YOUR GOAL: Every line of the data below must be output exactly, with images left out.
━━━━━━━━━━━━━━━━━━━━━━━━━━━━━━
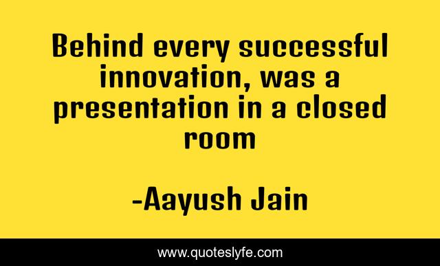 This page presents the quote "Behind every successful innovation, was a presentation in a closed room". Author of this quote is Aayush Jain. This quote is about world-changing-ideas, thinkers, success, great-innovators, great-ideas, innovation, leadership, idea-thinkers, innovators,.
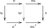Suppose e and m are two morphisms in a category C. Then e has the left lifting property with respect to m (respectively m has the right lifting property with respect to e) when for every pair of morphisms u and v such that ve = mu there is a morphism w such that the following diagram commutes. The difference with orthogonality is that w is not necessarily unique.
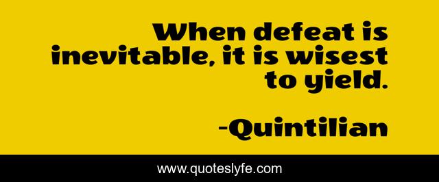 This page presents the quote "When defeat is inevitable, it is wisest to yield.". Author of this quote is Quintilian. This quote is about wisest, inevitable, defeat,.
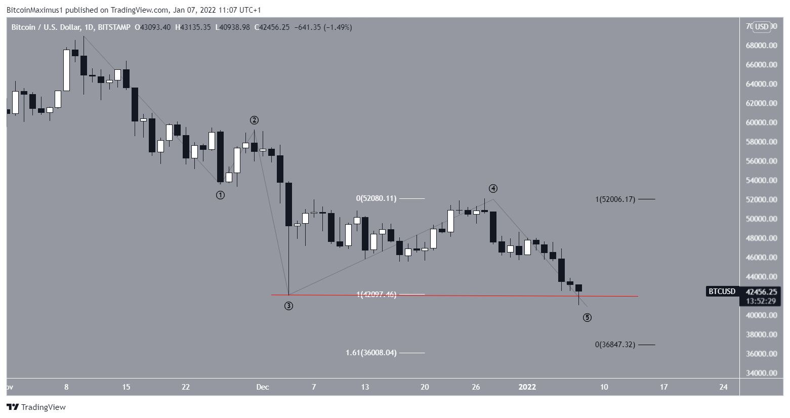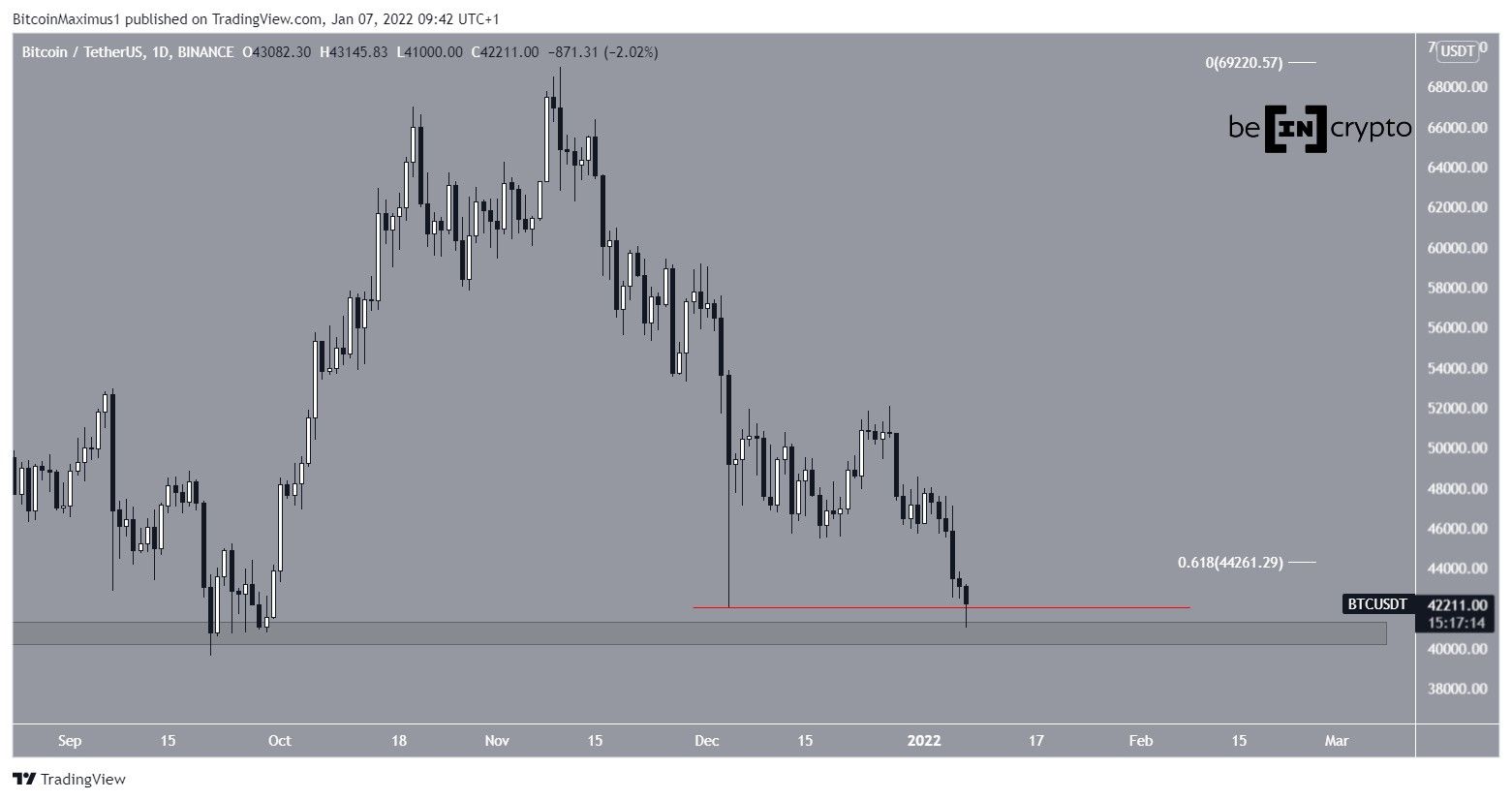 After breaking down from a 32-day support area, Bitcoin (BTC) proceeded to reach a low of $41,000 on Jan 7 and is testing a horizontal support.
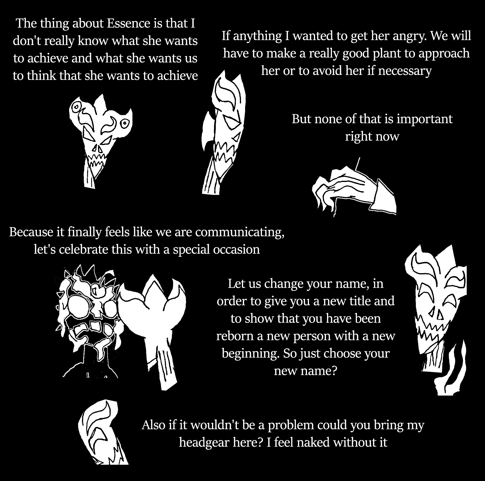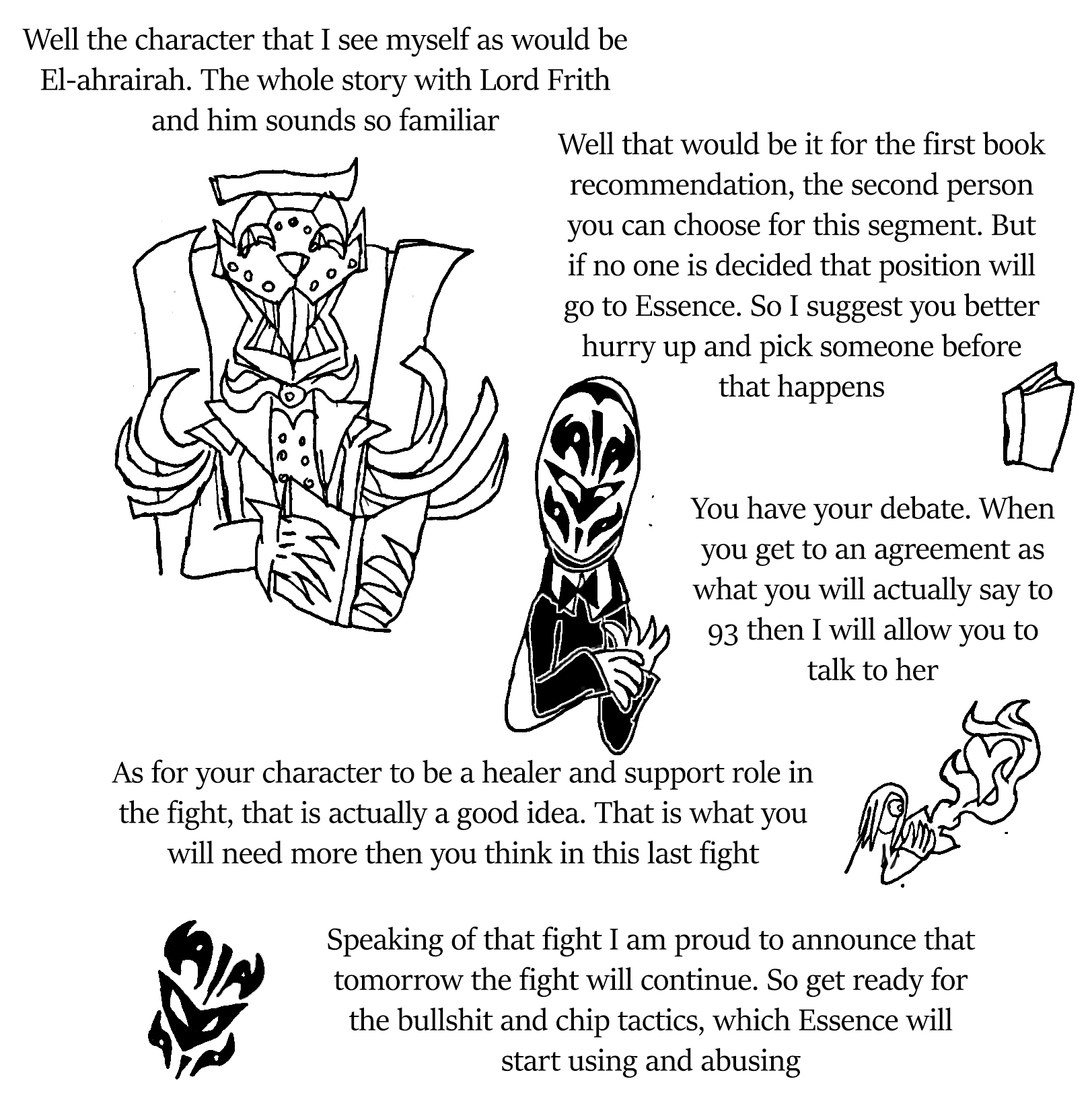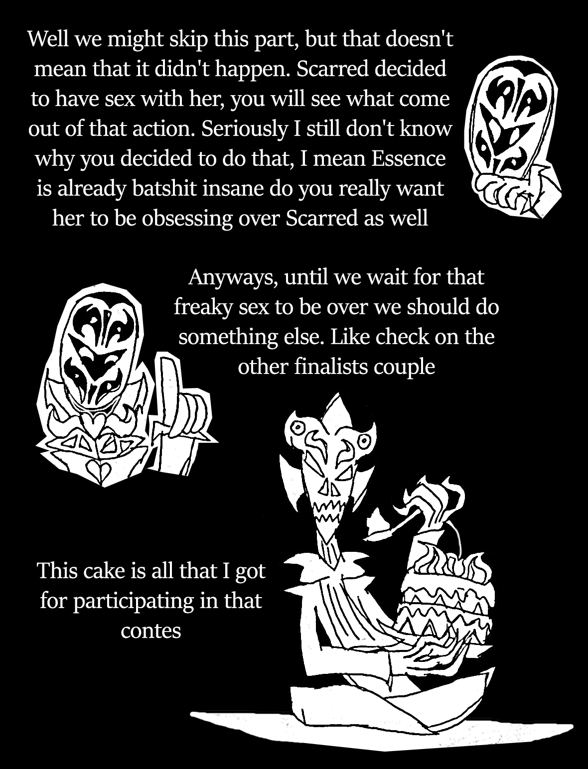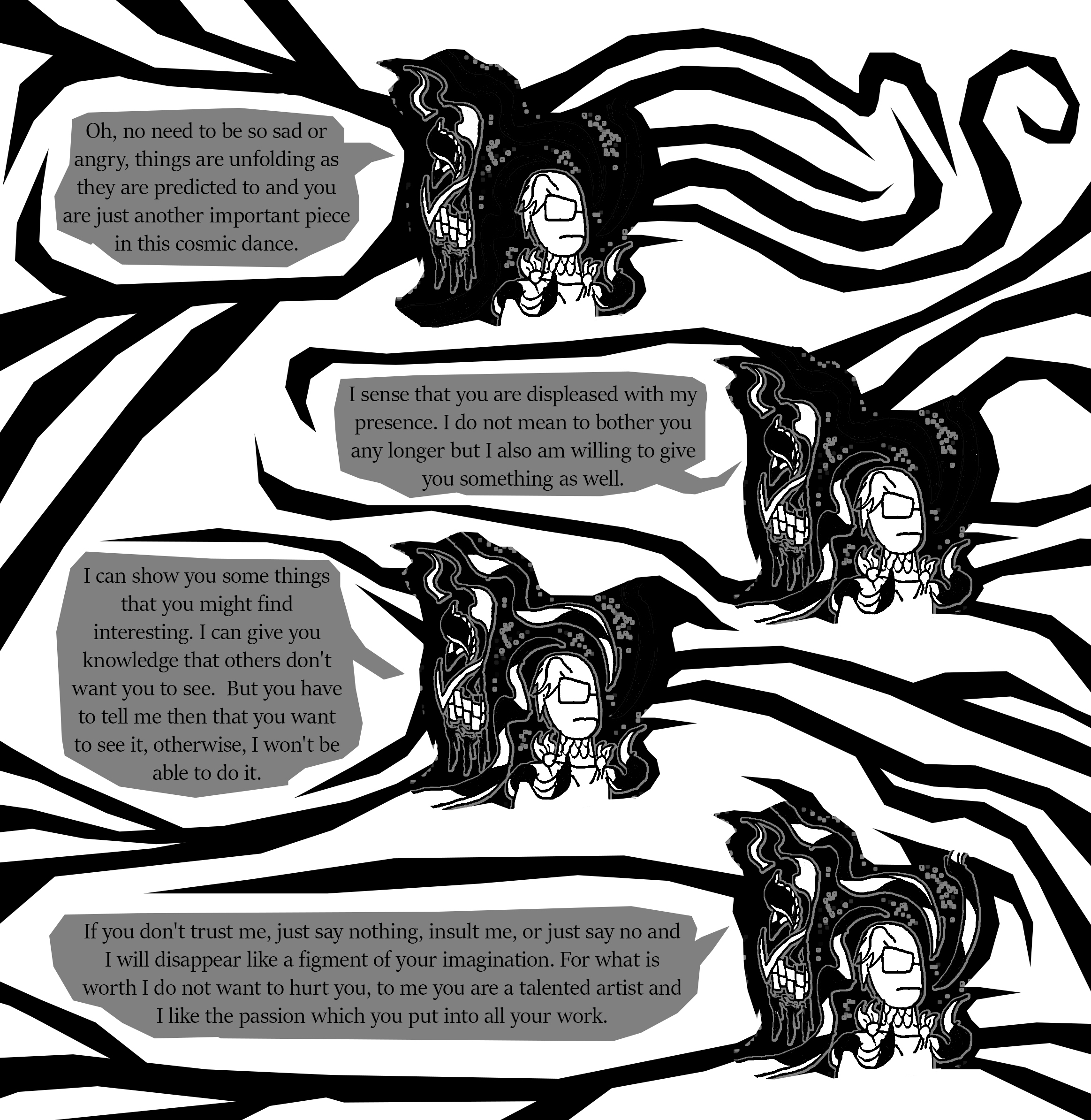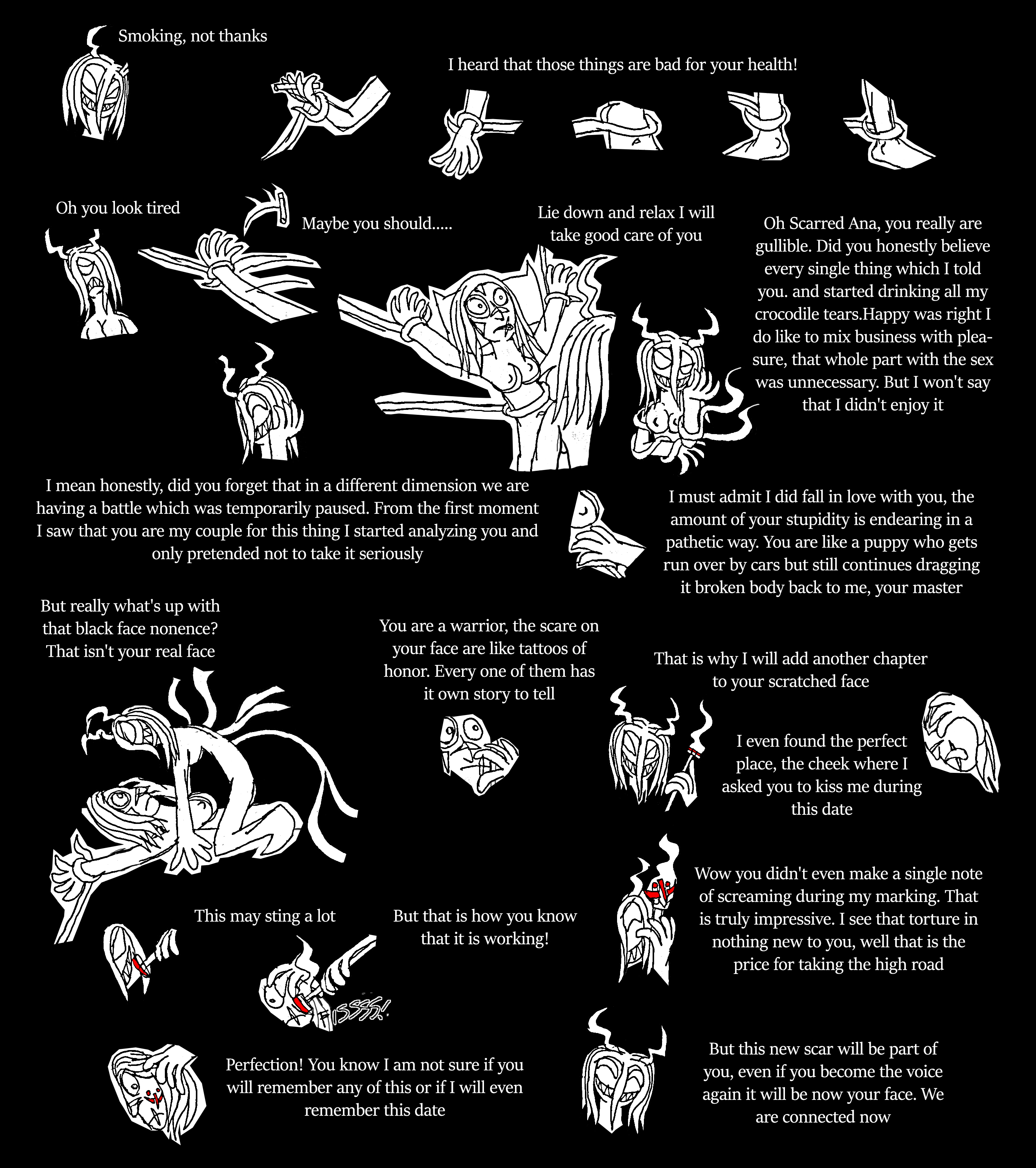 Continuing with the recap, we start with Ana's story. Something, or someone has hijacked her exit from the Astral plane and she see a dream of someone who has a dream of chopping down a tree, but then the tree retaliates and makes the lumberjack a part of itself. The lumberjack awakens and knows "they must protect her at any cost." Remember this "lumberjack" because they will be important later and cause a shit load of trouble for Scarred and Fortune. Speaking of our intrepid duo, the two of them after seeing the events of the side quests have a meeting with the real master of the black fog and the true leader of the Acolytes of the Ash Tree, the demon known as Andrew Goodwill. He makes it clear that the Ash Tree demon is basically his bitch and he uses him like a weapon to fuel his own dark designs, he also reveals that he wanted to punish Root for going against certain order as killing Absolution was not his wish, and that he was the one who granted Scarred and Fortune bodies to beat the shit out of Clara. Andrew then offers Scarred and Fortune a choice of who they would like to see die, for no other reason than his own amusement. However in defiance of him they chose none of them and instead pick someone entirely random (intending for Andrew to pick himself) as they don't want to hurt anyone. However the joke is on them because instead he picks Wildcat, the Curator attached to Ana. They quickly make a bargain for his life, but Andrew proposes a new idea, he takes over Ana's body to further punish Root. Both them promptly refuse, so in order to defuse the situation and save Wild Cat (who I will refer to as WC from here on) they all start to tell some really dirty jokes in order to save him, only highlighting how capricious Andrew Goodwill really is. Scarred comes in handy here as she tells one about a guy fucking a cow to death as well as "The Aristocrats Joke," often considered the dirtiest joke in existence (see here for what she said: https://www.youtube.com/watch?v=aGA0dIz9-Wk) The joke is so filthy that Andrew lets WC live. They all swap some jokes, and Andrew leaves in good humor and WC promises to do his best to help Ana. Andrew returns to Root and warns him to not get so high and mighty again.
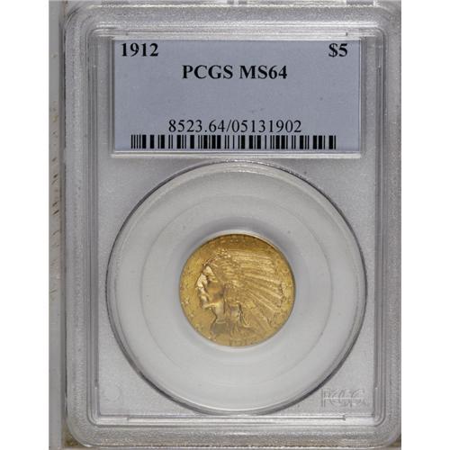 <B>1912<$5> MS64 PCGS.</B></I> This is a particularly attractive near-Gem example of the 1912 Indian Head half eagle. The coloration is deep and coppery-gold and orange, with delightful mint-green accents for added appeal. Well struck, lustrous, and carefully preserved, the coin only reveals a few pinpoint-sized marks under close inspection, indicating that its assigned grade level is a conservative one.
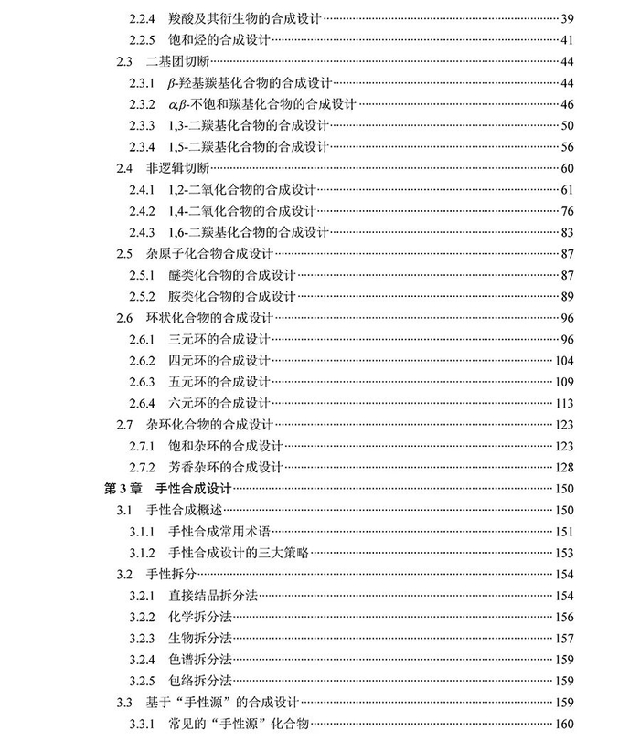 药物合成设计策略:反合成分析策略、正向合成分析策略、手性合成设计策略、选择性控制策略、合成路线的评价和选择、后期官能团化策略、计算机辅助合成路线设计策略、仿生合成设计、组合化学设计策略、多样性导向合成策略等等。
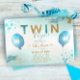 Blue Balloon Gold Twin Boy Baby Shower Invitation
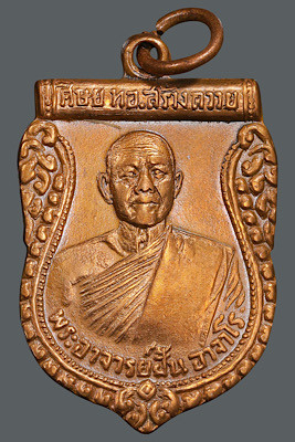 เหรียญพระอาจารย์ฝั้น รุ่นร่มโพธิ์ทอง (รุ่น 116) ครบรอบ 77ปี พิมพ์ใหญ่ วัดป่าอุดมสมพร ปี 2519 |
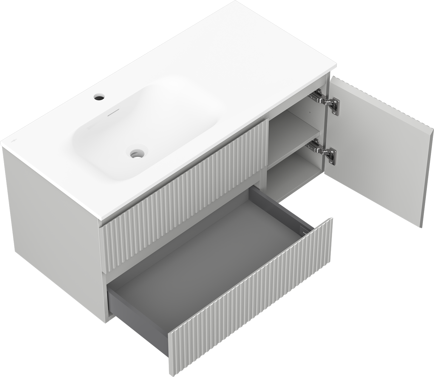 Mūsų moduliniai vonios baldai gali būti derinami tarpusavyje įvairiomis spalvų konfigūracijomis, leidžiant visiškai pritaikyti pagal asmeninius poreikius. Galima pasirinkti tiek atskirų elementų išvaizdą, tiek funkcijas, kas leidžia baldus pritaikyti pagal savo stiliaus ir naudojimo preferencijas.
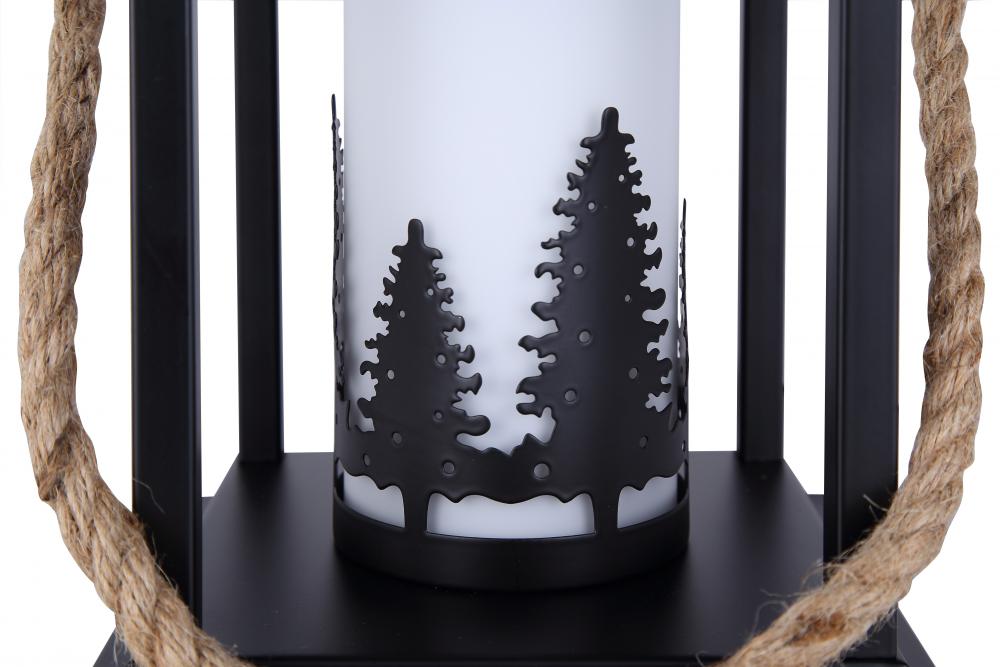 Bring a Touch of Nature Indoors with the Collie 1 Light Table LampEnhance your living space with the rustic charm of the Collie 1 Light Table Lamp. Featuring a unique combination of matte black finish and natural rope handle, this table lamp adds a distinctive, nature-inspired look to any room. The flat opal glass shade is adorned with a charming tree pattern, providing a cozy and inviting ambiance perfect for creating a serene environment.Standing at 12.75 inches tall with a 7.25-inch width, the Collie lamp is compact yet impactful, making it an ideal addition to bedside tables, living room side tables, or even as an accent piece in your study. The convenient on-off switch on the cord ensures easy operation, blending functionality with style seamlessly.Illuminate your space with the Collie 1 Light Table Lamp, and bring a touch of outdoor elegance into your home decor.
━━━━━━━━━━━━━━━━━━━━━━━━━━━━━━
ANSWER SPACE:
 This page presents the quote "Behind every successful innovation, was a presentation in a closed room". Author of this quote is Aayush Jain. This quote is about world-changing-ideas, thinkers, success, great-innovators, great-ideas, innovation, leadership, idea-thinkers, innovators,.
Suppose e and m are two morphisms in a category C. Then e has the left lifting property with respect to m (respectively m has the right lifting property with respect to e) when for every pair of morphisms u and v such that ve = mu there is a morphism w such that the following diagram commutes. The difference with orthogonality is that w is not necessarily unique.
 This page presents the quote "When defeat is inevitable, it is wisest to yield.". Author of this quote is Quintilian. This quote is about wisest, inevitable, defeat,.
 After breaking down from a 32-day support area, Bitcoin (BTC) proceeded to reach a low of $41,000 on Jan 7 and is testing a horizontal support.
 Continuing with the recap, we start with Ana's story. Something, or someone has hijacked her exit from the Astral plane and she see a dream of someone who has a dream of chopping down a tree, but then the tree retaliates and makes the lumberjack a part of itself. The lumberjack awakens and knows "they must protect her at any cost." Remember this "lumberjack" because they will be important later and cause a shit load of trouble for Scarred and Fortune. Speaking of our intrepid duo, the two of them after seeing the events of the side quests have a meeting with the real master of the black fog and the true leader of the Acolytes of the Ash Tree, the demon known as Andrew Goodwill. He makes it clear that the Ash Tree demon is basically his bitch and he uses him like a weapon to fuel his own dark designs, he also reveals that he wanted to punish Root for going against certain order as killing Absolution was not his wish, and that he was the one who granted Scarred and Fortune bodies to beat the shit out of Clara. Andrew then offers Scarred and Fortune a choice of who they would like to see die, for no other reason than his own amusement. However in defiance of him they chose none of them and instead pick someone entirely random (intending for Andrew to pick himself) as they don't want to hurt anyone. However the joke is on them because instead he picks Wildcat, the Curator attached to Ana. They quickly make a bargain for his life, but Andrew proposes a new idea, he takes over Ana's body to further punish Root. Both them promptly refuse, so in order to defuse the situation and save Wild Cat (who I will refer to as WC from here on) they all start to tell some really dirty jokes in order to save him, only highlighting how capricious Andrew Goodwill really is. Scarred comes in handy here as she tells one about a guy fucking a cow to death as well as "The Aristocrats Joke," often considered the dirtiest joke in existence (see here for what she said: https://www.youtube.com/watch?v=aGA0dIz9-Wk) The joke is so filthy that Andrew lets WC live. They all swap some jokes, and Andrew leaves in good humor and WC promises to do his best to help Ana. Andrew returns to Root and warns him to not get so high and mighty again.
 <B>1912<$5> MS64 PCGS.</B></I> This is a particularly attractive near-Gem example of the 1912 Indian Head half eagle. The coloration is deep and coppery-gold and orange, with delightful mint-green accents for added appeal. Well struck, lustrous, and carefully preserved, the coin only reveals a few pinpoint-sized marks under close inspection, indicating that its assigned grade level is a conservative one.
 药物合成设计策略:反合成分析策略、正向合成分析策略、手性合成设计策略、选择性控制策略、合成路线的评价和选择、后期官能团化策略、计算机辅助合成路线设计策略、仿生合成设计、组合化学设计策略、多样性导向合成策略等等。
 Blue Balloon Gold Twin Boy Baby Shower Invitation
 เหรียญพระอาจารย์ฝั้น รุ่นร่มโพธิ์ทอง (รุ่น 116) ครบรอบ 77ปี พิมพ์ใหญ่ วัดป่าอุดมสมพร ปี 2519 |
 Mūsų moduliniai vonios baldai gali būti derinami tarpusavyje įvairiomis spalvų konfigūracijomis, leidžiant visiškai pritaikyti pagal asmeninius poreikius. Galima pasirinkti tiek atskirų elementų išvaizdą, tiek funkcijas, kas leidžia baldus pritaikyti pagal savo stiliaus ir naudojimo preferencijas.
 Bring a Touch of Nature Indoors with the Collie 1 Light Table LampEnhance your living space with the rustic charm of the Collie 1 Light Table Lamp. Featuring a unique combination of matte black finish and natural rope handle, this table lamp adds a distinctive, nature-inspired look to any room. The flat opal glass shade is adorned with a charming tree pattern, providing a cozy and inviting ambiance perfect for creating a serene environment.Standing at 12.75 inches tall with a 7.25-inch width, the Collie lamp is compact yet impactful, making it an ideal addition to bedside tables, living room side tables, or even as an accent piece in your study. The convenient on-off switch on the cord ensures easy operation, blending functionality with style seamlessly.Illuminate your space with the Collie 1 Light Table Lamp, and bring a touch of outdoor elegance into your home decor.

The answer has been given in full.